On Sun, Mar 27, 2005 at 12:54:28AM -0600, Guy Rouillier wrote:

I'm getting the following in the server log:

2005-03-27 06:04:21 GMT estat DETAIL: Process 20928 waits for ShareLock
on transaction 7751823; blocked by process 20929.
Process 20929 waits for ShareLock on transaction 7768115;
blocked by process 20928.
2005-03-27 06:04:21 GMT estat CONTEXT: SQL statement "SELECT 1 FROM
ONLY "rumba"."service_plane" x WHERE "service_plane_id" = $1 FOR UPDATE
OF x"

...

The service_plane table is a reference table, i.e., a fixed set of
values used only to validate foreign keys. So the code doesn't have any
update statements on that table. I'm assuming PostgreSQL is generating
that SQL to validate the foreign key.
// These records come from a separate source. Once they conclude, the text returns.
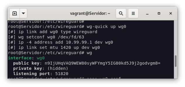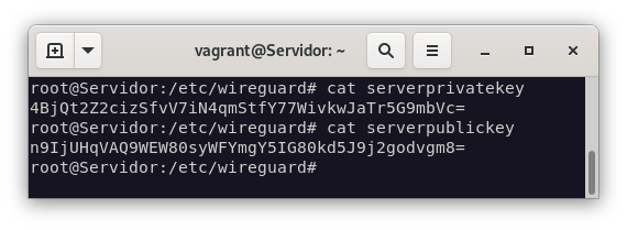 Nos dirigimos al directorio de configuración de WireGuard, creamos las claves del servidor que nos servirán para configurar los clientes y el fichero de configuración del servidor.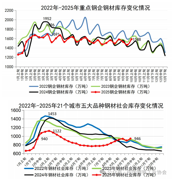 企業(yè)庫存來看,10月上旬重點鋼企鋼材庫存環(huán)比同比明顯增加。2025年10月上旬,重點統(tǒng)計鋼鐵企業(yè)鋼材庫存量1588萬噸,環(huán)比上一旬增加121萬噸,增長8.2%;比年初增加351萬噸,增長28.4%;比上月同旬增加6萬噸,增長0.6%;比去年同旬增加115萬噸,增長7.8%。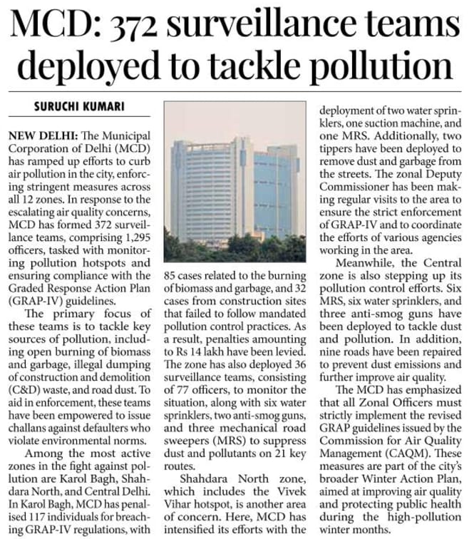 The Municipal Corporation of Delhi has ramped up efforts to curb air pollution - 372 surveillance teams deployed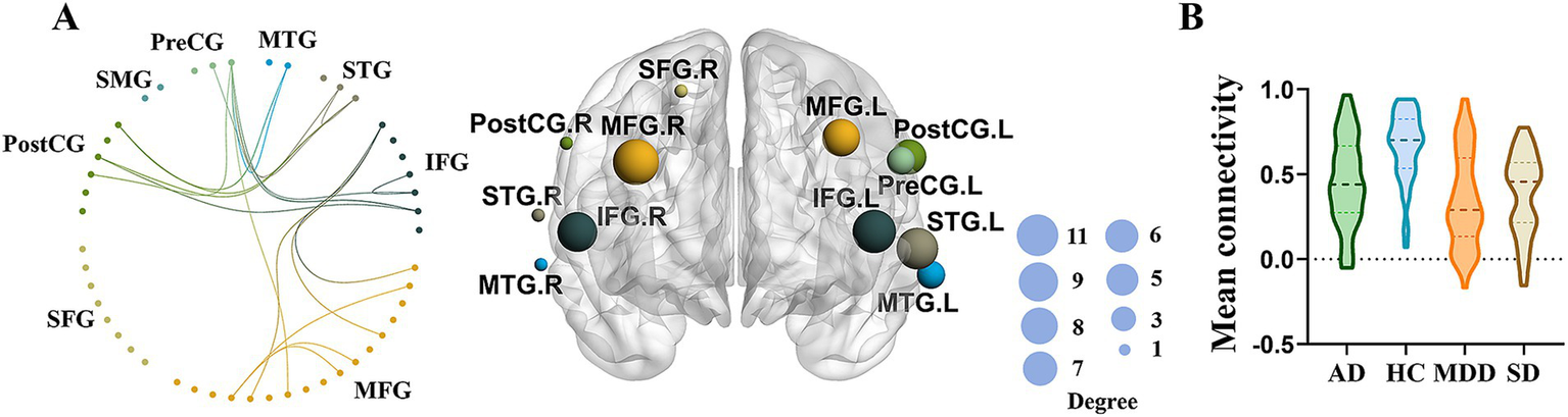 (A) Significant network differences among four groups identified by NBS (left panel), while the size of the node on the right panel indicates the number of connections. (B) Mean functional connectivity of the significant network in MDD, AD, and SD compared to HC group.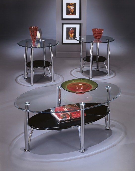 3 pc Dempsey collection chrome metal finish and tempered glass top coffee and end table set. This set includes the coffee table and 2 – end tables with curved line design and rounded edge glass tops. Coffee table measures 46″ x 28″ x 21″ H. End tables measure 26″ x 26″ x 25″ H. Some assembly required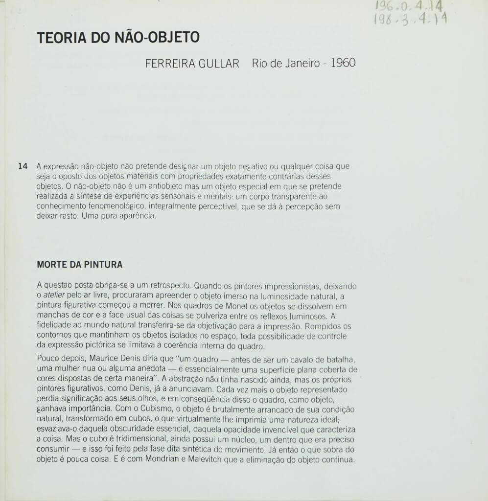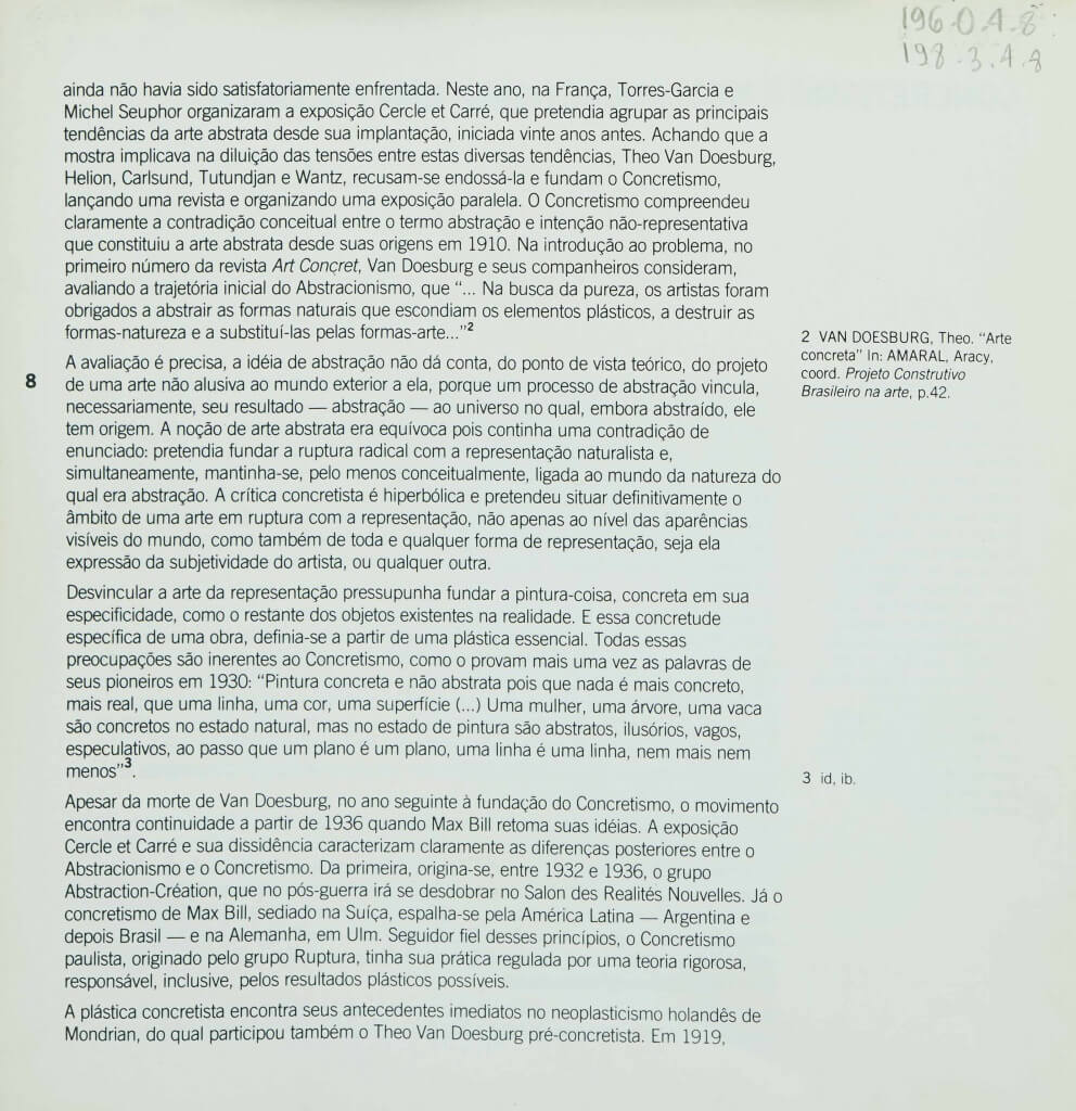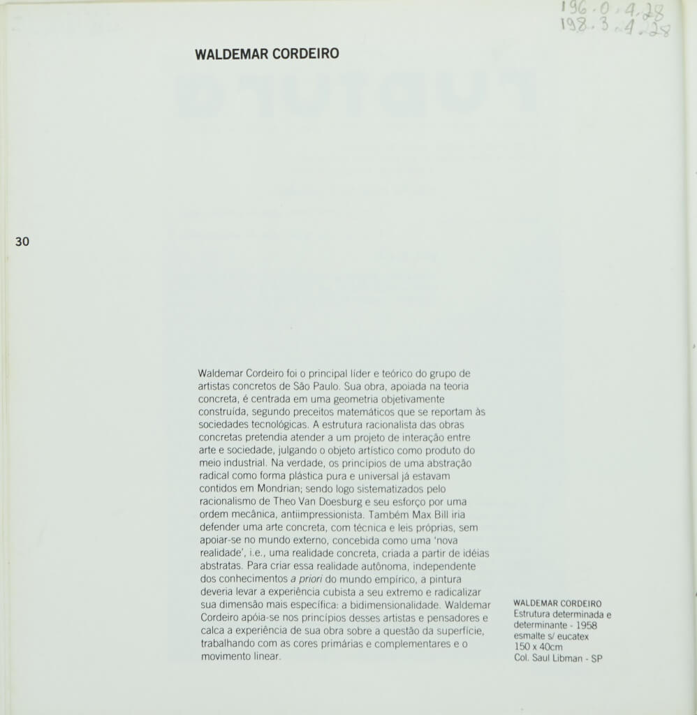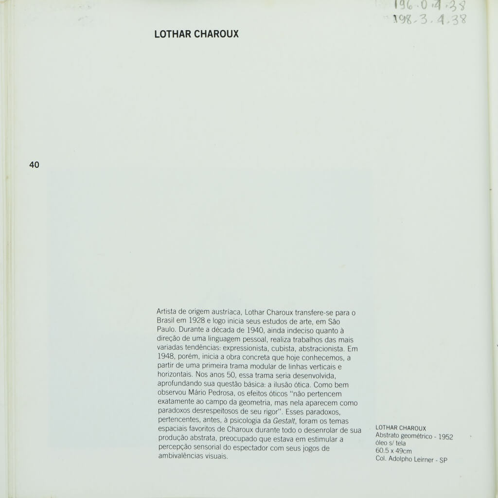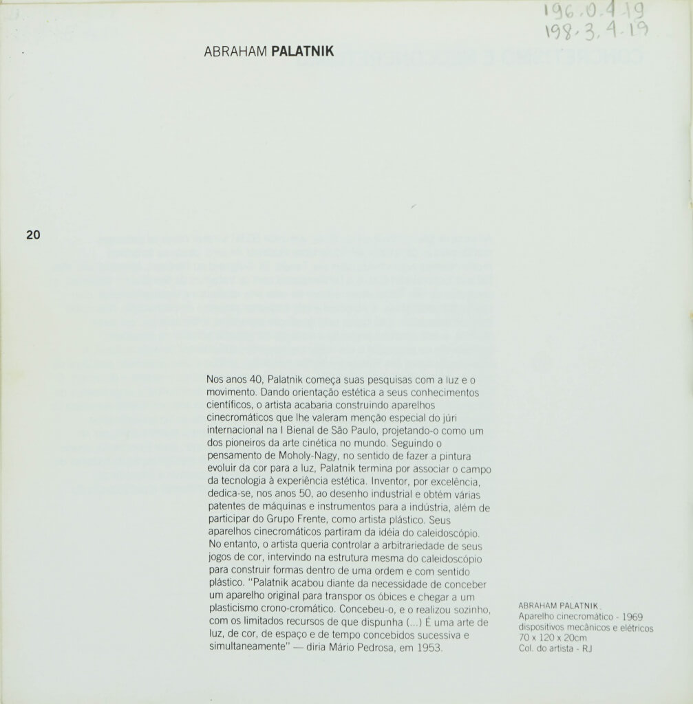 Catálogo da exposição Abstração Geométrica, realizada no âmbito do "Projeto Arte Brasileira", realizado pela FUNARTE/Instituto Nacional de Artes Plásticas. As exposições fizeram itinerância nas salas FUNARTE. Neste catálogo, breve histórico da carreira de cada artista. Destaque para Lygia Clark, capa da publicação.

But why is it selecting for
update?

To make sure the referenced key can't change until the transaction
completes and the referencing row becomes visible to other transactions
(or is rolled back) -- otherwise other transactions could change
or delete the referenced key and not know they'd be breaking your
referential integrity. The current implementation supports only
exclusive row-level locks (SELECT FOR UPDATE), but I think Alvaro
might be working on shared row-level locks for a future release.

--
Michael Fuhr
http://www.fuhr.org/~mfuhr/

#3Qingqing Zhou
zhouqq@cs.toronto.edu
In reply to: Guy Rouillier (#1)
Re: Debugging deadlocks

"Michael Fuhr" <mike@fuhr.org> writes

To make sure the referenced key can't change until the transaction
completes and the referencing row becomes visible to other transactions
(or is rolled back) -- otherwise other transactions could change
or delete the referenced key and not know they'd be breaking your
referential integrity. The current implementation supports only
exclusive row-level locks (SELECT FOR UPDATE), but I think Alvaro
might be working on shared row-level locks for a future release.

The code to process RI could be optimized a little bit. See the following
case:

user -1-
test=# begin;
BEGIN
test=# delete from a where i = 2;
DELETE 1

user -2-
test=# update a set i = 3 where i = 1;
ERROR: update or delete on "a" violates foreign key
constraint "b_i_fkey" on "b"
DETAIL: Key (i)=(1) is still referenced from table "b".
test=# update a set i = 2 where i = 1;
/* User 2 will be blocked here */

Blocking user 2 is strange and not necessary? Since the sever should first
check the where-clause (this is true in ordinary UPDATE). If not, just
report an error as the fomer statement.

Regards,
Qingqing

#4Stephan Szabo
sszabo@megazone23.bigpanda.com
In reply to: Qingqing Zhou (#3)
Re: Debugging deadlocks

On Sun, 27 Mar 2005, Qingqing Zhou wrote:

"Michael Fuhr" <mike@fuhr.org> writes

To make sure the referenced key can't change until the transaction
completes and the referencing row becomes visible to other transactions
(or is rolled back) -- otherwise other transactions could change
or delete the referenced key and not know they'd be breaking your
referential integrity. The current implementation supports only
exclusive row-level locks (SELECT FOR UPDATE), but I think Alvaro
might be working on shared row-level locks for a future release.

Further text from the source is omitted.